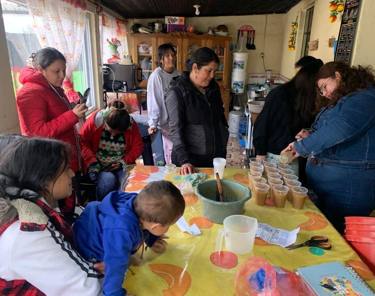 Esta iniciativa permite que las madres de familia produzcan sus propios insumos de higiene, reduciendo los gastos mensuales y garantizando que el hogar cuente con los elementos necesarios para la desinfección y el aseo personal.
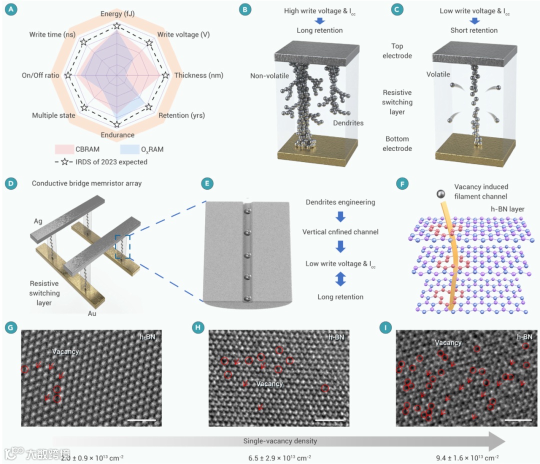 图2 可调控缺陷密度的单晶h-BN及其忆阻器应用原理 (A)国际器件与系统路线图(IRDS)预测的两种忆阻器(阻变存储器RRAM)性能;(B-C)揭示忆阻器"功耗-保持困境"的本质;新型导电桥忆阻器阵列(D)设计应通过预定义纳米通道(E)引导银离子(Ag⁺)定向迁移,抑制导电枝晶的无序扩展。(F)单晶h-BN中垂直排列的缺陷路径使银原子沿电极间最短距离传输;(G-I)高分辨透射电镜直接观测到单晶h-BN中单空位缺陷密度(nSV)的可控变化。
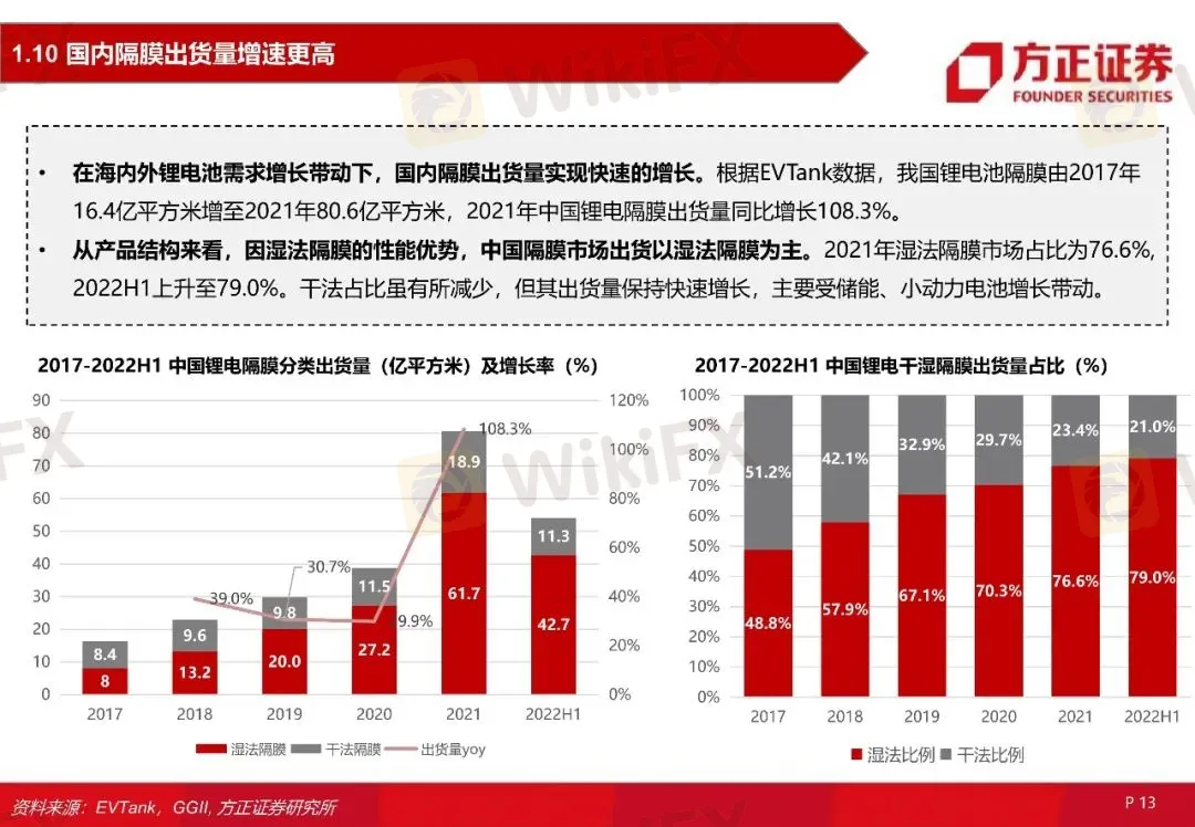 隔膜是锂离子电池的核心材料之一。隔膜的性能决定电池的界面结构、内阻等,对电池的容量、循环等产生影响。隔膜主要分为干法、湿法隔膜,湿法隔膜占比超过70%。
########################################
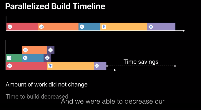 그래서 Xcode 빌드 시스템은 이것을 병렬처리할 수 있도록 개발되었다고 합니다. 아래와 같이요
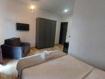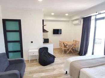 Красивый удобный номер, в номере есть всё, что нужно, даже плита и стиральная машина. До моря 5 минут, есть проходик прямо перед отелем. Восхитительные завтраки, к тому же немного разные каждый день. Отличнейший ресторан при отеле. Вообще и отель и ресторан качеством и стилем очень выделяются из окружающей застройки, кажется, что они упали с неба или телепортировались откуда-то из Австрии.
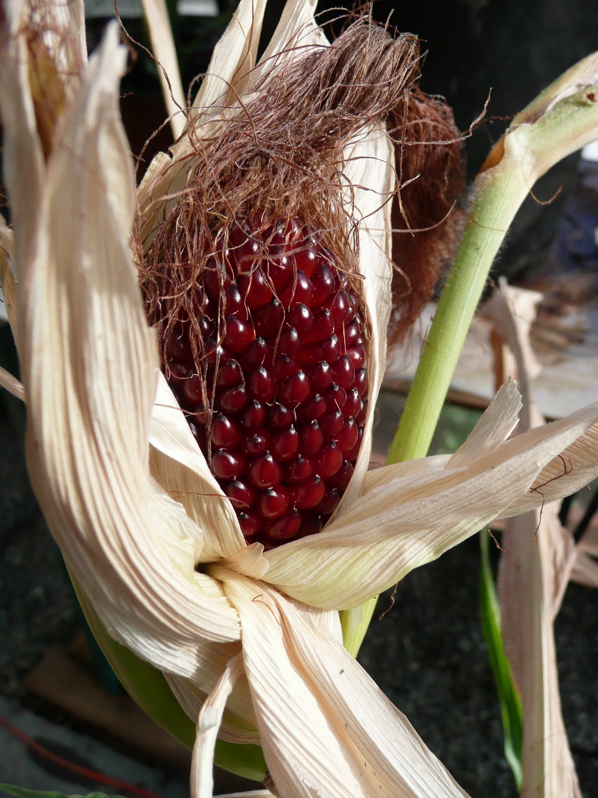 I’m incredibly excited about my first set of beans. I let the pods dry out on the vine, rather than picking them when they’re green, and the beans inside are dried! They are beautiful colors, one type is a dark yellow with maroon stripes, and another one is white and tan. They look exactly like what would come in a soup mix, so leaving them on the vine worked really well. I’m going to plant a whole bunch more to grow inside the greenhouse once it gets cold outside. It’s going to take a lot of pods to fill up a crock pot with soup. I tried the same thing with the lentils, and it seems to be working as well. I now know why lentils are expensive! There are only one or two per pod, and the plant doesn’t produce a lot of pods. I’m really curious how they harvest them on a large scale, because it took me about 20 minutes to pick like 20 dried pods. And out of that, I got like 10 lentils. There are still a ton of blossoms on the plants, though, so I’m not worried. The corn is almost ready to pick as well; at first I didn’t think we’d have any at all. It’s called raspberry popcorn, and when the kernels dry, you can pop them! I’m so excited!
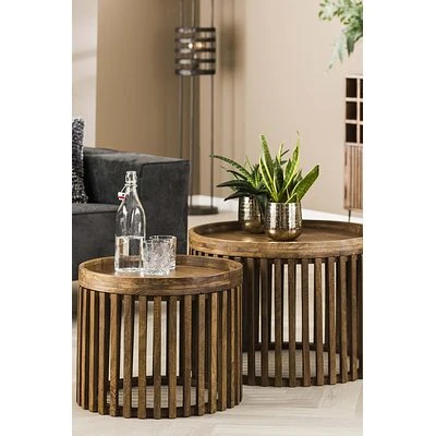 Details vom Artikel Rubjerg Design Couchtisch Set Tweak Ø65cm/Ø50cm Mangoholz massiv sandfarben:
########################################
EXERCISE DIRECTIONS:
Print, word for word, the lines above that run from the line containing "그래서 Xcode 빌드" to the line containing "Красивый удобный номер, в", both included. Keep the pictures out.

ANSWER SECTION:
 그래서 Xcode 빌드 시스템은 이것을 병렬처리할 수 있도록 개발되었다고 합니다. 아래와 같이요
 Красивый удобный номер, в номере есть всё, что нужно, даже плита и стиральная машина. До моря 5 минут, есть проходик прямо перед отелем. Восхитительные завтраки, к тому же немного разные каждый день. Отличнейший ресторан при отеле. Вообще и отель и ресторан качеством и стилем очень выделяются из окружающей застройки, кажется, что они упали с неба или телепортировались откуда-то из Австрии.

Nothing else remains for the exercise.